You see the hair in the drain, on the pillow, in the brush, and your stomach drops. Is this normal? Is it getting worse? Should you be worried?
Here is the part almost no one tells you: everyone sheds hair every day. So “am I shedding?” is the wrong question. The one that matters is harder — is this a passing blip, or a trend that is actually building? And that question is close to impossible to answer from memory, because you cannot compare today’s shower drain to one from three weeks ago that you never recorded.
This is where tracking beats worrying. Let’s break down what normal shedding looks like, when it is worth a clinician’s attention, and how a simple record turns a scary handful of hairs into a data point you can actually read.
How much shedding is normal?
Most people shed somewhere in the range of 50 to 100 hairs a day as part of the normal hair cycle, according to the American Academy of Dermatology. On days you wash or brush, you will see more at once, because you are collecting what would have come out anyway across previous days.
So a full drain catcher after a wash is not automatically a red flag.

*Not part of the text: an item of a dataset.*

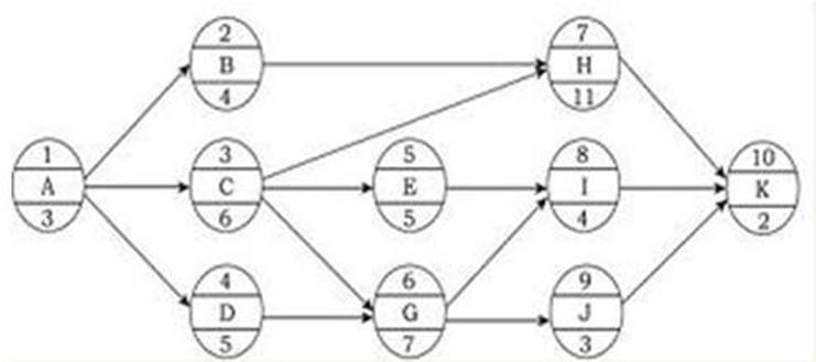 115、某工程单代号网络计划如下图所示,节点中下方数字为该工作的持续时间,其中的关键工作有

A handful of hairs is not a diagnosis. The number on any single day tells you very little on its own — which is exactly why one bad-looking shower can send someone into a spiral that the full picture would not justify.
Shedding is not the same as hair loss
Dermatologists draw a useful line between two things that feel identical in the moment:
- Shedding (telogen effluvium) is when more hairs than usual enter the resting phase and fall out, often two to three months after a trigger like illness, high stress, a major diet change, surgery, or childbirth. It is usually temporary, and hair typically recovers once the trigger passes.
- Hair loss (like pattern hair loss) is when hair stops growing back the way it did, usually gradually and in a recognisable pattern over months and years.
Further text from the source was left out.